I have recommended moving towards a hybrid finite automata in the past
and this is a rough outline of what I believe needs to be done and the
steps to get there. The steps are outlined roughly in order but there
can be some overlap and reordering.
= Recap =
using a dfa has some advantages
- kN matching runtime for any string of length N
- small matching algorithm, easy to verify
- no runtime bound checks, tables can be computed and verified in
userspace, and kernel can do table consistency checks at load time.
The dfa has certain constraints we would like to work around
- policy size, which is affected by
- state count (which results in larger policy) due to state explosion
caused by
- counting constraints
- repetitive subpatterns (pcre .* [^x]* etc)
- dfa storage format
- redundancy elimination (pre format compression)
- we reduce to minimum states per profile but profiles could share
dfas
- effectiveness compression routine (current routine is an N2
approximation of np complete packing)
- no internal variables
- no back reference support (super set of internal variables)
Also the current dfa format is not as efficient as it could be
- compression can't take advantage of state differences
- apparmor accept states are directly encoded into the accept
table.
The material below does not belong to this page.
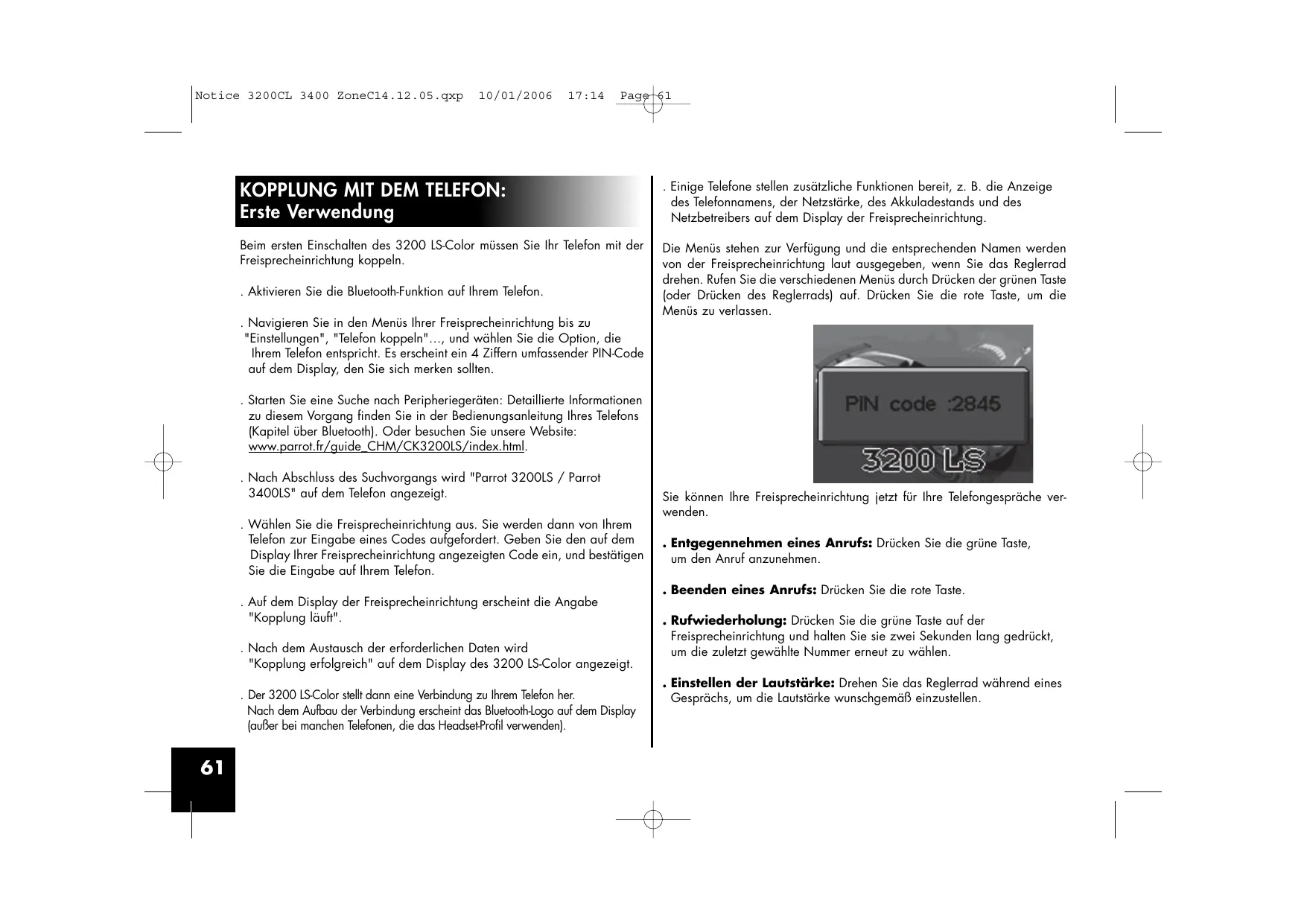 Notice 3200CL 3400 ZoneC14.12.05.qxp 10/01/2006 17:14 Page 61 KOPPLUNG MIT DEM TELEFON: Erste Verwendung . Einige Telefone stellen zusätzliche Funktionen bereit, z. B. die Anzeige des Telefonnamens, der Netzstärke, des Akkuladestands und des Netzbetreibers auf dem Display der Freisprecheinrichtung. Beim ersten Einschalten des 3200 LS-Color müssen Sie Ihr Telefon mit der Freisprecheinrichtung koppeln. Die Menüs stehen zur Verfügung und die entsprechenden Namen werden von der Freisprecheinrichtung laut ausgegeben, wenn Sie das Reglerrad drehen. Rufen Sie die verschiedenen Menüs durch Drücken der grünen Taste (oder Drücken des Reglerrads) auf. Drücken Sie die rote Taste, um die Menüs zu verlassen. . Aktivieren Sie die Bluetooth-Funktion auf Ihrem Telefon. . Navigieren Sie in den Menüs Ihrer Freisprecheinrichtung bis zu "Einstellungen", "Telefon koppeln"…, und wählen Sie die Option, die Ihrem Telefon entspricht. Es erscheint ein 4 Ziffern umfassender PIN-Code auf dem Display, den Sie sich merken sollten. . Starten Sie eine Suche nach Peripheriegeräten: Detaillierte Informationen zu diesem Vorgang finden Sie in der Bedienungsanleitung Ihres Telefons (Kapitel über Bluetooth). Oder besuchen Sie unsere Website: www.parrot.fr/guide_CHM/CK3200LS/index.html. . Nach Abschluss des Suchvorgangs wird "Parrot 3200LS / Parrot 3400LS" auf dem Telefon angezeigt. . Wählen Sie die Freisprecheinrichtung aus. Sie werden dann von Ihrem Telefon zur Eingabe eines Codes aufgefordert. Geben Sie den auf dem Display Ihrer Freisprecheinrichtung angezeigten Code ein, und bestätigen Sie die Eingabe auf Ihrem Telefon. . Auf dem Display der Freisprecheinrichtung erscheint die Angabe "Kopplung läuft". . Nach dem Austausch der erforderlichen Daten wird "Kopplung erfolgreich" auf dem Display des 3200 LS-Color angezeigt. . Der 3200 LS-Color stellt dann eine Verbindung zu Ihrem Telefon her. Nach dem Aufbau der Verbindung erscheint das Bluetooth-Logo auf dem Display (außer bei manchen Telefonen, die das Headset-Profil verwenden).

Making them larger than they need to be and not as
flexible as we need them to be.
= Goals =
- compilation
- faster
- smaller peak memory foot print
- policy
- smaller size
- extensible permissions (allow for new permission features)
- support proposed patterns {^* } and {^** }
- in pattern variables eg. /proc/@{PID}/**
- counting constraints
- back references
- run time
- faster average match, maintaining an O(kN) match time
- smaller memory foot print
- maintain consistency load time consistency checks
- maintain known boundable runtime memory resources
Recommended plan of action
= Phase 1 - DFA improvements =
0. General dfa code cleanups, should happen through out as is applicable
and opportune, ie. while working on a particular area of code clean
it up.
1. Improve current dfa generation code
1.1 expr tree improvements
1.1.1 character set merging. Reduces protosets size, also reduces
number of important nodes to compare against when factoring
1.1.2 Improve factoring. Code does a lot more comparisons than is
necessary. Factoring is crucial to reducing extraneous
state generation during dfa creation.
1.2 dfa memory use reduction
- convert to using array of nodes instead of set of nodes
1.3 fast bit vector search for table comb compression
- speed up current compression, currently >50% of dfa generation
time
2. Split the accept state encoding out into its own table, using the
accept state as an index to the permission table. This will allow
us to share common accept permissions and expand the accept
permission table without its memory foot print being directly
affected by state count. Eg. for the test evince profile we have
about 60 unique accept permissions replicated across 9000 states.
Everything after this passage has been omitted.